スピノザの『エチカ』と趣味のブログ

スピノザの『エチカ』について僕が考えていることと,趣味である将棋・競馬・競輪などについて綴るブログです。

棋王戦&マイペース

2011-01-06 20:48:56 | 将棋
 久保利明棋王への挑戦者が決定する第36期棋王戦挑戦者決定戦変則ニ番勝負第二局。
 変則なのでまた振駒。ここも広瀬章人王位の先手で中飛車に。渡辺明竜王は居飛車穴熊に潜りました。攻め合いで中盤が開始されましたが,先手は息切れして受けに回ることに。難しかったと思いますが,穴熊で攻めたのですから,後手ペースではあったろうと思います。
                         
 ここで☖6五銀と打ちました。部分的には変なところに銀を手放すわけで,決め手級の手でなければおかしいと感じました。しかし実戦は☗5五馬☖5七龍☗9一馬☖4五歩☗4七金☖5四龍と進み,☗4三歩と攻めの手番が先手に回ることに。以下☖同銀☗4二歩で第2図。
                         
 後手変調と思って観戦していましたが,ここで☖7一歩と打ったのが好手だったよう。対して受けずに☗同龍☖4四馬☗4一龍☖同銀☗4一歩成と攻め込んだのは,善悪は別に広瀬王位らしいと思いました。第3図に。
                         
 今度はここで後手が☖3六馬と踏み込み寄せ合いに。この寄せ合いは王手か詰めろの連続で先手玉を受けなしにできれば後手の勝ち,できなければ先手の勝ちという分かりやすい形に進展。後手が正しく寄せたか,また先手が正しく受けたかは不明ですが,結果的には受けなしとなり,後手が勝ちました。結果論ですが,第3図での踏み込みが勝因になったといっていいのではないかと思います。
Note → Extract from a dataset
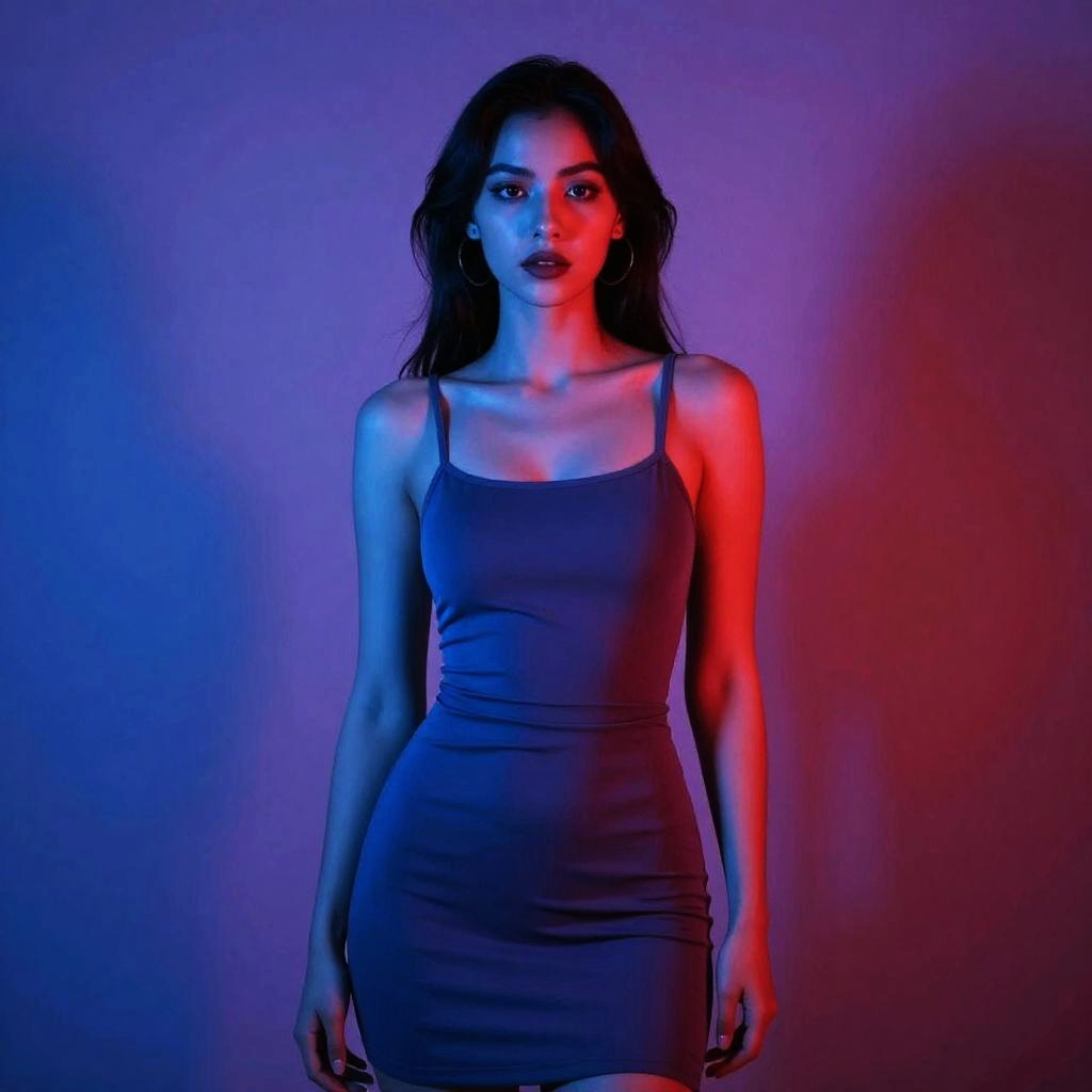 A striking portrait of a woman standing confidently against a vibrant neon-lit background, blending blue and red hues for a dramatic effect. The image features stylish, high-contrast lighting that emphasizes her elegant pose and form-fitting dress, capturing a modern and cinematic mood.

 先輩の貫録を見せる形で渡辺竜王が挑戦者に。五番勝負は来月6日に開幕します。
                       

 僕は散歩をするとき,人混みはなるべく避けるようにしています。というのは,人混みでは自分のペースで歩くということができないからです。逆にいうとこれは,僕は好んで自分のペースで歩くということを意味しています。そうでないと歩くことによって僕はカタルシスを得ることができないのです。
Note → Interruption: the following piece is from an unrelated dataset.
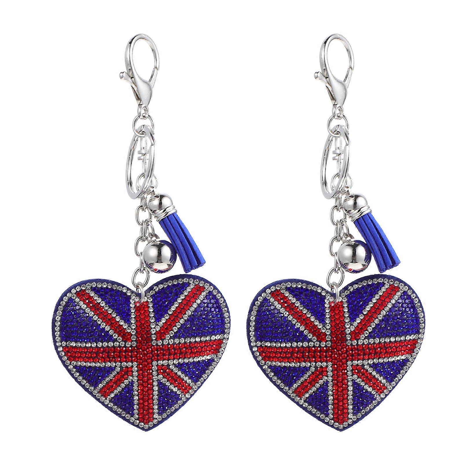 2Pcs Union Jack Keychain Heart-shaped Key Ring Rhinestone Alloy Keychain Women Bag Pendant

 しかし,妹と一緒ですと,当然ながら僕は自分のペースで歩くというわけにはいきません。前にもいいましたが,僕は平均的には1㎞を10分程度で歩きますが,このペースだと妹はついてくることができないからです。したがって,妹と一緒の場合は妹のペースに合わせて歩くことになり,これが僕にとってはひとつの苦痛,肉体的な意味ではなく,精神的な意味での苦痛になり得るのです。
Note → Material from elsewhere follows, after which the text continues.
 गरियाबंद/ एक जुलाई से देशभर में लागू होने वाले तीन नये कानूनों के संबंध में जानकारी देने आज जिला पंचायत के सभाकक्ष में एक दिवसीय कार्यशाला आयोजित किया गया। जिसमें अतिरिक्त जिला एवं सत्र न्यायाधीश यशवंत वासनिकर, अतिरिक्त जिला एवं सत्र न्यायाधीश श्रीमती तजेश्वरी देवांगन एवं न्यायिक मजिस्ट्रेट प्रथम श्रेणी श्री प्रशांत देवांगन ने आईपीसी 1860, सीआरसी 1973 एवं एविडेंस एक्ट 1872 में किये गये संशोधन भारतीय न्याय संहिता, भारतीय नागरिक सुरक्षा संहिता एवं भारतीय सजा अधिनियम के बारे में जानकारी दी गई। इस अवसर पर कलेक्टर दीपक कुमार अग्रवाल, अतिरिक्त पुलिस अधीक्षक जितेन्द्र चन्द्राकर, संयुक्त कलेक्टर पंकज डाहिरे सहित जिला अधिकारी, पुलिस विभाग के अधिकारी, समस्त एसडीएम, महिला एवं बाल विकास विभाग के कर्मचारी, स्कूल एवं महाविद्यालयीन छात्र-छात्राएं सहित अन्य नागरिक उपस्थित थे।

 それでも,単にスピードが遅いというだけであれば,それほど大きな問題とはならないのかもしれません。ただ,これはダウン症の人間一般の特徴としていえるのか,あるいは妹の個性になるのか分かりませんが,とにかくマイペースなのです。たとえば僕たちは,バスの時間が迫っていれば急ごうとしますし,あるいは信号が赤に変わりそうだとなればやはり急いだりするのが普通です。しかし妹はそうしたことにも我関せずで,一定のペースを崩すということをしません。これはもちろん歩く場合に限ってということではなく,普段の生活全般からして同様。少し寝坊したから急いで食事を摂るなどということは絶対にしませんし,身支度や歯磨きとかいったことに関しても同様です。よってそのような場合には急ぐことに慣れているこちらとしては,このマイペースぶりに焦りというかイライラを感じてしまうということがあるのです。どちらかといえば,妹を作業所まで送っていくときに僕が感じた精神的な負担の理由としては,時間の無駄よりもこちらの方が大きかったかもしれません。
 しかし,こうした日々を繰り返しているうちに,このようなことに精神的な負担を感じてしまうのは,むしろ僕の精神の方が病んでいるからなのかもしれないというようにも感じるようになってきました。急ごう急ごうとすることは,ある意味では合理的なことであるといえるでしょうが,必ずそうしなければならないというものではないからです。第四部定理四から明らかなように,人間は受動から逃れられませんから,このことが僕の精神的な負担となったのは事実ではありますが,逆に妹からひとつ教えられたという一面もあると僕は感じているのです。